On Thursday, Deutsche Bank shares tumbled 7.2% after the U.S. Federal Reserve designated the German lender’s U.S. business as in “troubled condition.”
See: Deutsche Bank’s stock looks cheap after 40% slide, but analysts remain wary
Stock movers
Italian bank stocks were among the big winners Friday. Banco BPM SpA BAMI, +8.45% shares leapt 7.6% and and a 6.1% rise in BPER Banca SpA BPE, +7.87% shares were up 6.1% to lead the Stoxx 600. The FTSE Italia All-Share Banks Sector Index IT8300, +3.84% climbed 4.8%.
Elekta AB EKTAB, -0.56% shares dropped 1.7%, paring deeper losses.
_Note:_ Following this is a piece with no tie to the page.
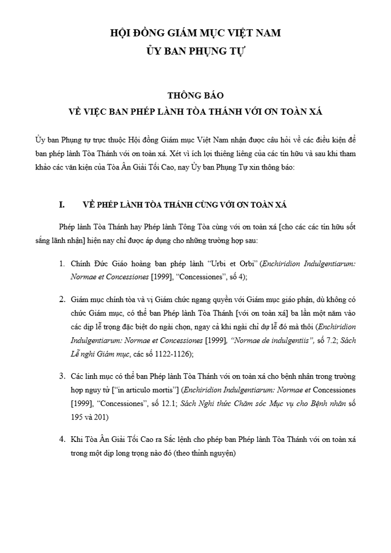 Ủy ban Phụng tự: Thông báo về việc ban Phép lành Toà Thánh với Ơn Toàn Xá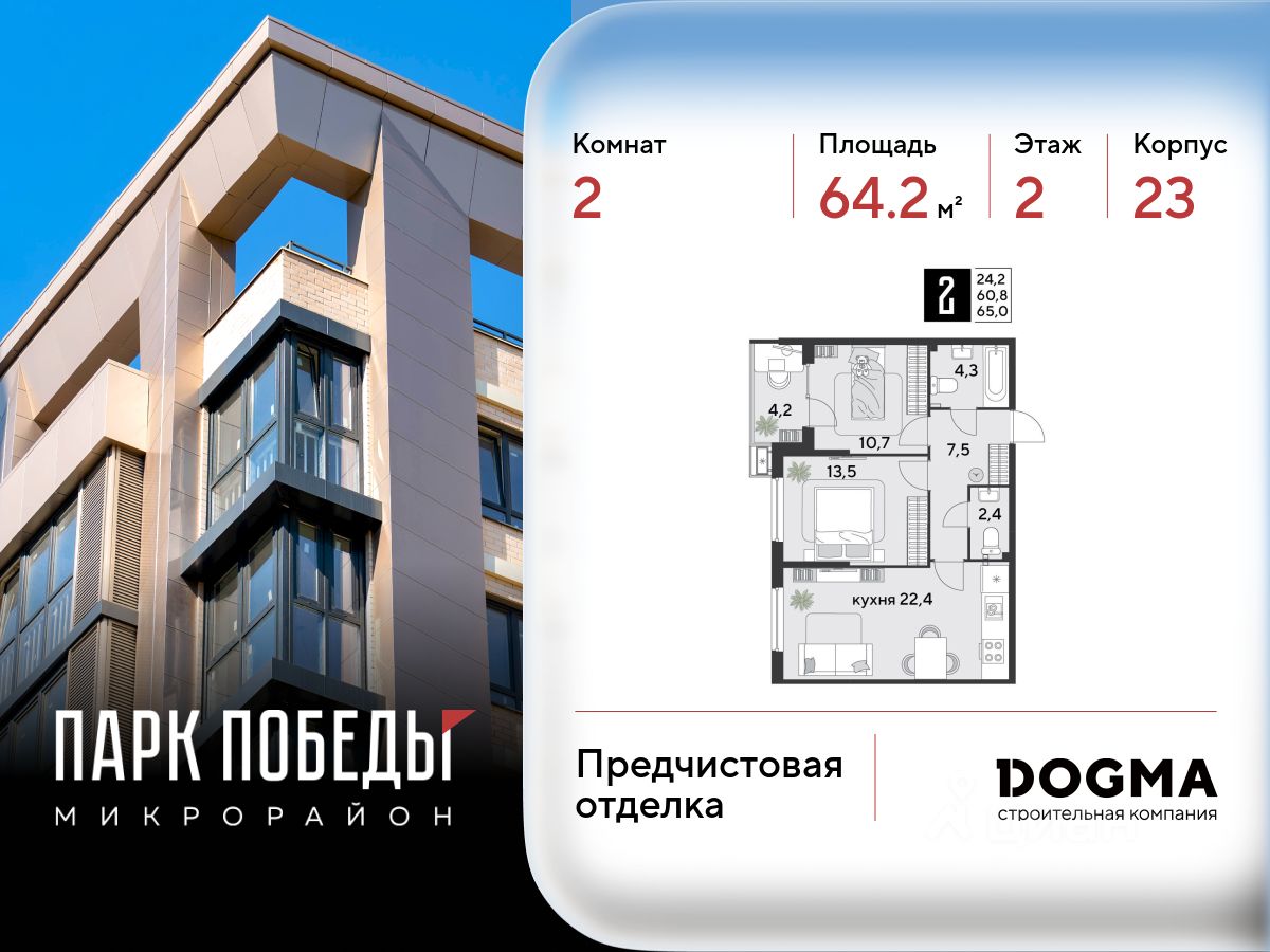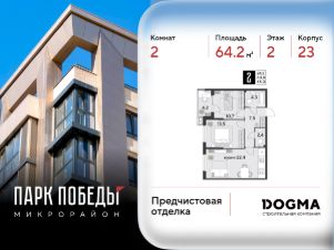 Срок сдачи: 2 кв. 2026, общей площадью 64.2 кв.м., на 2 этаже.

The radiological equipment maker posted fourth-quarter adjusted earnings of 918 million Swedish kronor, missing a FactSet consensus estimate of 985 Swedish kronor.
Economic data
The final reading of the eurozone purchasing managers’ index for manufacturing in May was 55.5, said IHS Markit. That was unchanged from the preliminary estimate, but down from 56.2 in April.
Italy’s final manufacturing PMI print for May was 52.7. That compares with a 52.8 flash reading and a print of 53.5 in April.